I smiled and gestured towards the flowers with my chin. "He would've loved them," I said. "And I think if he were here now, he would be the one blushing."
"I think so too," Rachel chuckled. She smiled and tugged on my arm. "Come on, let's get out of here. What do you say to some food and some retail therapy in Hogsmeade?" She nudged me. "Valentine's Day is coming up. You have to get Fred something."
I gaped at her. "I didn't even think of that! Valentine's Day, I mean! I've never had a reason to."

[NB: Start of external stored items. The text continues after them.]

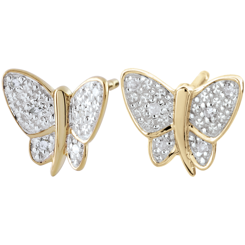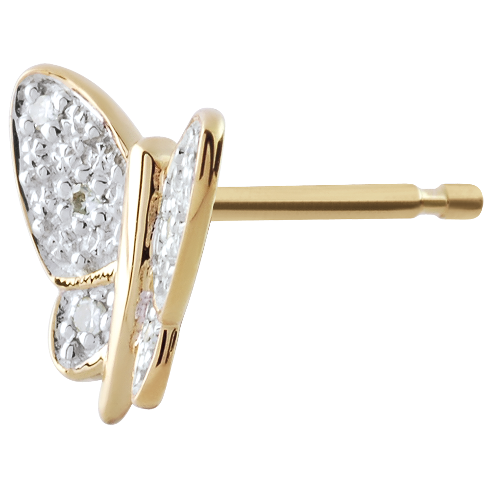 Dwa nowoczesne i delikatne motyle ze złota i diamentów mieniące się przy każdym ruchu.
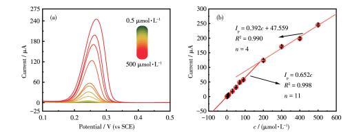 (1)圖7給出了在不同pH值環境中Cu2O/Cu‐VG微電極對尿酸響應的工作曲線及靈敏度。對于10~90μmol·L-1的尿酸,峰電流與尿酸濃度均呈線性關系。此外,在pH 6.0~8.0范圍內,隨著pH值的升高,尿酸的靈敏度先升高后降低,靈敏度變化范圍為0.428~0.797μA·L·μmol-1。這些結果證實了該Cu2O/Cu‐VG微電極適用于腦脊液、血液、尿液、腸液等不同pH值的體液環境。進一步模擬pH 7.4的體液環境,詳細考察了Cu2O/Cu‐VG微電極對尿酸的定量檢測能力。圖8a展示了使用該微電極在0.5~500μmol·L-1的濃度范圍內記錄的DPV曲線,而圖8b給出了工作曲線。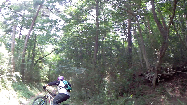 9/16(土)に奥武蔵辺境の隠れトレイルに6名集結。不安定気候が続き思うように集えなかったが、この台風迫る3連休初日に鬱憤晴らしたく皆テンションを上げてきた。雨雲レーダーを察知しながら行動計画を練るが、弱雨が舞ったり予想をつけがたく運を天に任せ第一降下する。導入から未開な風情なので皆戸惑ったろうが、一応に山バカレベルが高いので放置で先導していく。森深いルートなので路面濡れは無く悠々と駆けた。雨雲の存在など忘れ縦横無尽に往くのだ。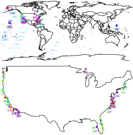 Top panel: World map with the coordinates of the 59 buoys whose measurements constitute the datasets analyzed in this paper. Bottom panel: Zoom of the top panel that shows the US mainland with the coordinates of the buoys close to it. The identification number is that in Table 1.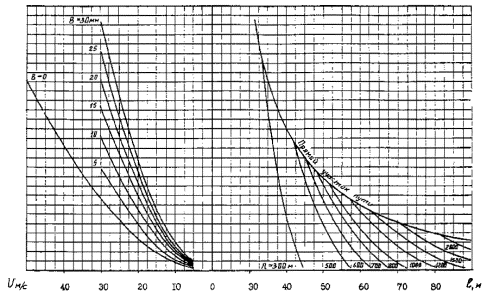 2.42. Нормативное и расчетное значения максимальной температуры воздуха следует принимать равными абсолютной максимальной температуре воздуха tmax с учетом воздействия солнечной радиации (прямой и рассеянной). Эквивалентное увеличение максимальной температуры воздуха в результате нагрева проводов солнечной радиацией определяют по выражению: tр = 0,0162jmax, где jmax - максимальное значение суммарной солнечной радиации в Вт/м2, принимаемое по табл. 5 СНиП 2.01.01-82 по строительной климатологии м геофизике. Для районов, расположенных между 46 и 56 градусами с. ш., температуру нагрева проводов солнечной радиацией tр можно принять равной 14 °С. 2.43. При определении длины анкерных участков цепных подвесок изменение температуры воздуха следует определять как среднее между среднегодовым и нормативным значениями. 2.44. Температуру беспровесного положения контактного провода следует определять по выражению: tо = где Более точно температуру беспровесного положения контактного провода можно определить, исходя из следующих соотношений: если значения если Здесь tн - средняя нормативная температура воздуха.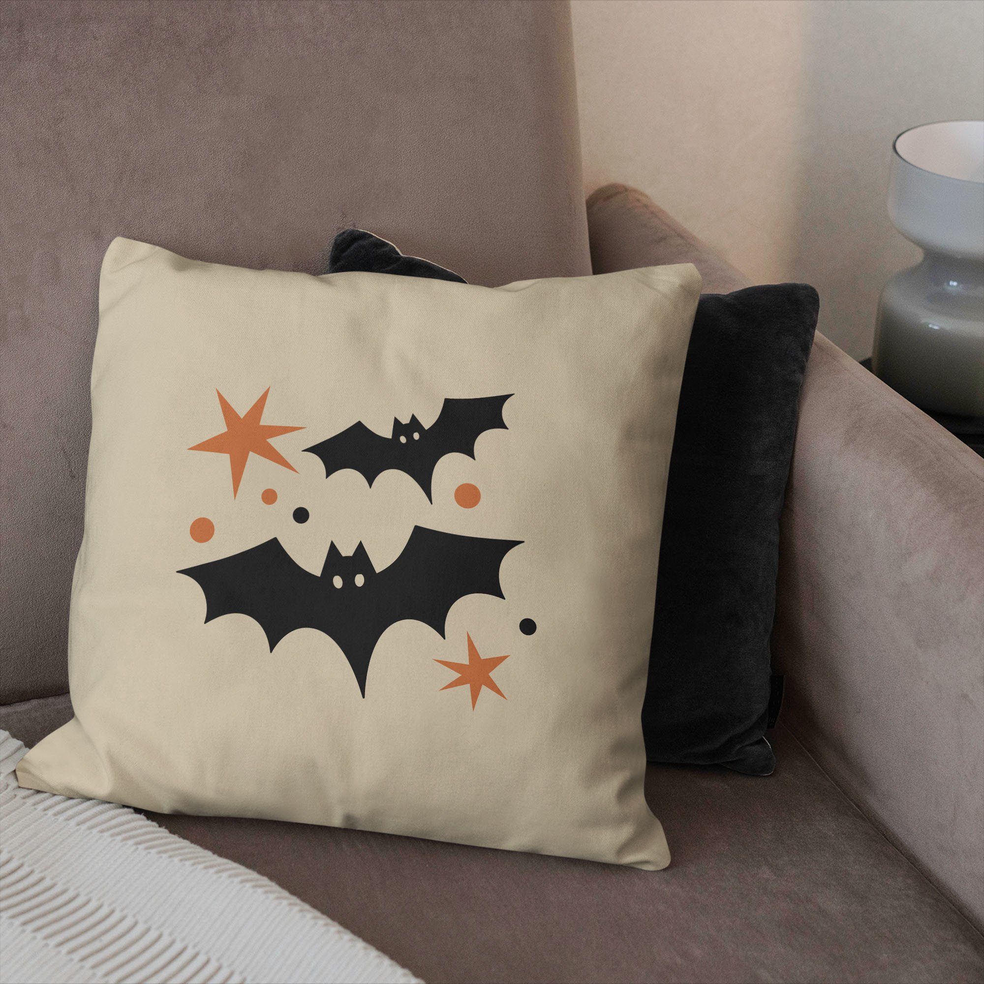 Enhance your decor with the Two Bats Throw Pillow, featuring two striking black bats paired with orange six-pointed stars. This playful design adds a festive touch to any space, making it a perfect accent for your Halloween or year-round decor. Crafted from soft, plush fabric, the Two Bats Throw Pillow provides both style and comfort. It's perfect for relaxing or adding a cozy touch to your living space, making it a delightful addition to any room.

Rachel let out a laugh and a groan as we headed for the cemetery gates. "What would you ever do without me, Sophie McConnell?"
"Clearly, I'd be forgetting all about Valentine's Day. I don't think Fred even has anything planned for us to do. George is going out with Katie, but Fred said he's not much of a Valentine's Day kind of guy."
Rachel shrugged. "He's not. And you're not a Valentine kind of girl so he probably won't make a big deal out of it. But no doubt he'll buy you some gimmicky kind of gift. Like a giant teddy bear or something. Just for laughs."
"Then why would I get him something special?" I laughed. "Why not also get him something gimmicky?"
I suppose that would make sense," she said. "He probably would love that more than anything serious." She shook her head. "What a weird relationship you two have."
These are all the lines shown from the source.